Écrit par Yaroslav Baran
La dynamique parlementaire est très différente dans un contexte minoritaire, par rapport à un environnement majoritaire dans lequel le gouvernement sait qu’il peut finalement imposer sa volonté par la force du nombre. La principale manifestation se trouve dans les comités, où les libéraux n’auront pas le nombre pour contrôler la direction des débats. Cela plusieurs dimensions pratiques :
- Les progrès législatifs peuvent être encore plus lents qu’ils ne l’étaient lors de la dernière législature, la majorité des membres des comités ne coopérant pas avec le programme du gouvernement et ne cherchant pas à l’accélérer;
- La majorité de l’opposition au sein des comités sera habilitée à proposer d’autres pistes de travail contraires au programme du gouvernement ou à éroder l’image de marque du gouvernement;
- Les comités sont généralement le lieu des enquêtes parlementaires, compte tenu de leur liberté d’ouvrir toutes les études de leur choix dans le cadre de leurs politiques et de leur pouvoir juridique théoriquement illimité d’assigner des personnes et des documents.
Pour illustrer ce propos, rappelez-vous la brève étude du Comité d’éthique sur la question de SNC Lavalin au printemps dernier et imaginez la direction qu’elle aurait pu prendre si les libéraux n’avaient pas obtenu une majorité déterminante des voix au sein du comité.

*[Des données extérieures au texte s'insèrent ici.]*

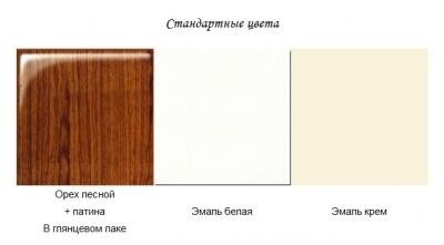 - Стандартные цвета - орех лесной с глянцевым лаком + патина, эмаль белая, эмаль крем 0103, емаль сирень;

La bonne nouvelle pour le gouvernement est que les comités ne siégeront pas avant le Nouvel An, ce qui laissera au leader du gouvernement et au Cabinet du premier ministre le temps d’évaluer cette dynamique et de planifier des approches pour s’y orienter. En fait, alors que le premier ministre entame une discussion avec le NPD pour déterminer s’il convient d’établir une relation de travail similaire à celle de la Colombie-Britannique plutôt que de gouverner vote par vote, l’apaisement des comités semble être l’une des principales motivations pour lesquelles M. Trudeau voudrait conclure une entente.
D’autres aspects du travail parlementaire – trouver les voix nécessaires pour adopter une loi et survivre aux votes de confiance – ne devraient pas être particulièrement difficiles compte tenu de la configuration actuelle des partis et du chevauchement considérable de leurs programmes politiques. L’élimination du risque d’enquêtes potentielles des comités constituerait cependant un véritable prix qui faciliterait la vie du gouvernement – et donnerait presque l’impression d’une majorité.
Comment les comités sont-ils formés? Ils doivent être reconstitués après chaque élection et, à l’exception de plusieurs comités opérationnels codifiés dans le livre des règles de la Chambre des communes, chaque législature a la capacité de créer les comités de son choix. Dans l’ensemble, ils ont cependant tendance à suivre l’attribution générale des rôles du Cabinet et de l’organisation des ministères. Les comités sont négociés par les whips des partis, qui chercheront à reproduire la position proportionnelle des partis au sein des comités. Sans vouloir présager les négociations, nous devrions probablement nous attendre à quelque chose dans l’ordre de comités de 15 personnes; à cette taille, le plus petit parti officiel (le NPD) aurait droit à un siège, représentant 7 % des sièges à la Chambre des communes.
Une partie de la philosophie qui influence le comportement du Sénat peut également commencer à être remise en question. Le Groupe sénatorial indépendant s’est inspiré du prétendu principe de Salisbury – l’opinion selon laquelle, en tant que Chambre non élue, la Chambre haute devrait en dernier recours s’en remettre à la Chambre des communes, de laquelle relève le gouvernement. Avec un gouvernement reposant sur 33 % du vote populaire, le principe selon lequel « le gouvernement devrait obtenir ce qu’il veut, car il a été élu » devient un argument plus faible. Nous pourrions nous attendre à des contestations sur l’hégémonie actuelle du principe de Salisbury en tant que doctrine directrice, potentiellement manifeste dans une culture du Sénat qui soit encore plus indépendante.
Sur la question générale de savoir quand le Parlement sera convoqué – il s’agit ultimement d’une question politique. Compte tenu de la forte position minoritaire des libéraux – et du fait qu’il s’agit d’un prolongement du gouvernement en place – il n’y aura pas d’impératif immédiat d’établir la confiance. La confiance sera largement assumée. Le résultat est l’un des rares scénarios possibles dans lequel un gouvernement pourrait attendre jusqu’au Nouvel An pour convoquer la législature, prenant ainsi le temps supplémentaire nécessaire pour se reconfigurer face à la nouvelle réalité. La décision finale quant à l’ouverture de la Chambre des communes sera régie par des considérations de relations publiques et non par des impératifs de procédure.